Cameron, who officially became a New Zealand citizen this past August, began by explaining how he “just really fell in love with” the country and its people when he first visited in 1994.
But it wasn’t until 11 years after he married his fifth and current wife, Suzy Amis, in 2000 – and two years after the release of the first “Avatar” movie in 2009 – that the filmmaker pulled the trigger and purchased a farm in New Zealand.
“When Suzy and I were first getting serious, she said, ‘Fine, no problem.’ She was game,” he shared. “Now, later, we have children, we have a family, we’ve got roots in Malibu and Santa Barbara, that conversation had to be amended slightly, but we did say after ‘Avatar,’ let’s make this happen.”
The “True Lies” director and Amis, 64, share three daughters: Claire, 23, Quinn, 21, and Elizabeth, 18. He also shares a fourth daughter, Josephine, 31, from his relationship with his second wife, Linda Hamilton.
Cameron, his wife and their three kids spent significant time “going back and forth” between the US and New Zealand between 2011 and when the COVID-19 pandemic began in early 2020.
Although he was still working on 2022’s “Avatar: The Way of Water” at the time, he and Amis decided to “make the move as a family” that August because of how New Zealand responded to the pandemic versus the US.

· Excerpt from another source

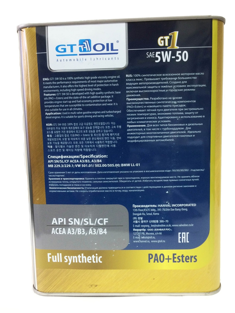 Масло моторное GT1 5W-50 API SM/CF 4 л

“New Zealand had eliminated the virus completely,” the “Terminator” director, who was born in Canada but moved to California in 1971, told Besinger. “They actually eliminated the virus twice. The third time when it showed up in a mutated form, it broke through. But fortunately, they already had a 98% vaccination rate.”

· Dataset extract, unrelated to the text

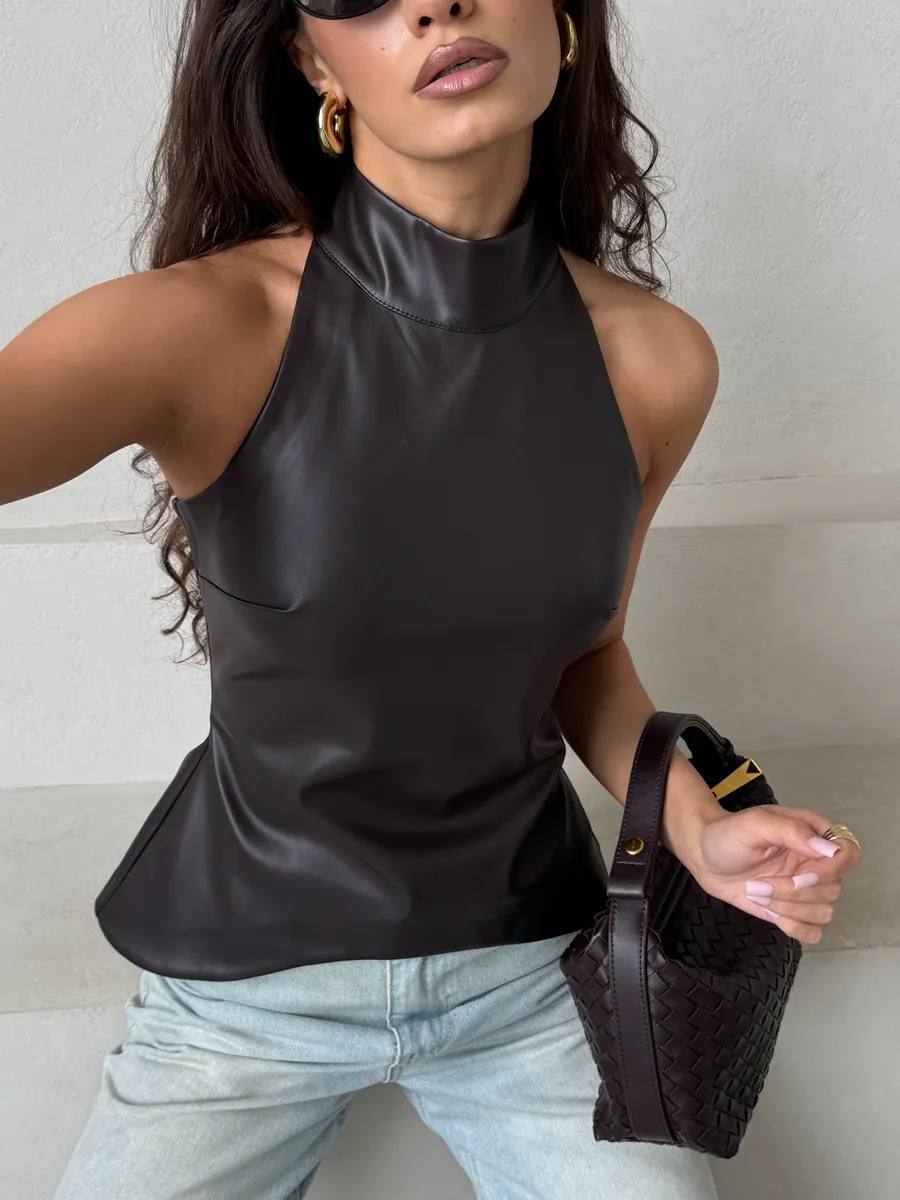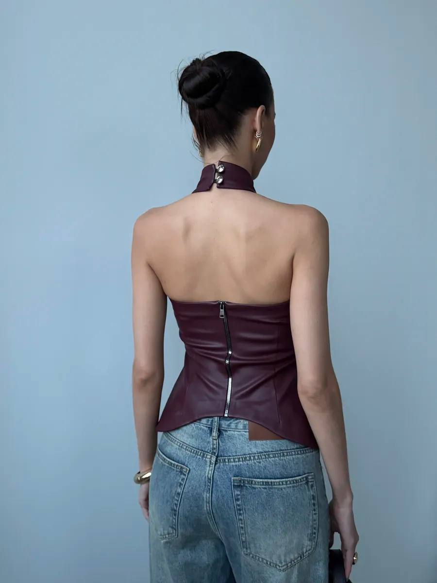 Топ Мод.728 Тканина – еко шкіра Розміри – 42-44, 46-48 Кольори – шоколад, бордо, чорний

“This is why I love New Zealand,” he continued. “People there are, for the most part, sane as opposed to the United States, where you had a 62% vaccination rate, and that’s going down – going the wrong direction.”
Cameron went on to praise New Zealand’s appreciation for science and suggested that the US would fall apart if another pandemic occurred.
“Where would you rather live?” the Oscar-winning director asked. “A place that actually believes in science and is sane, and where people can work together cohesively to a common goal?”
He continued, “Or a place where everybody’s at each other’s throats, extremely polarized, turning its back on science and basically would be in utter disarray if another pandemic appears?”
After Bensinger argued that the US is a “fantastic place to live” but acknowledged New Zealand’s natural beauty, the “Avatar: Fire and Ash” filmmaker doubled down on his decision to leave one for the other.
“I’m not there for scenery,” he said. “I’m there for the sanity.”
Cameron previously opened up about his preference for New Zealand over the US last year, shortly before he was granted New Zealand citizenship.
“It means a lot. It’s something I’ve worked toward, something I’ve had to sacrifice for,” he told the New Zealand outlet Stuff at the time.
“If you’re going to uproot your family and move somewhere, you have to invest, you have to be part of it, you have to earn standing,” Cameron added. “I just think you’ve got to earn your right to be in a place.”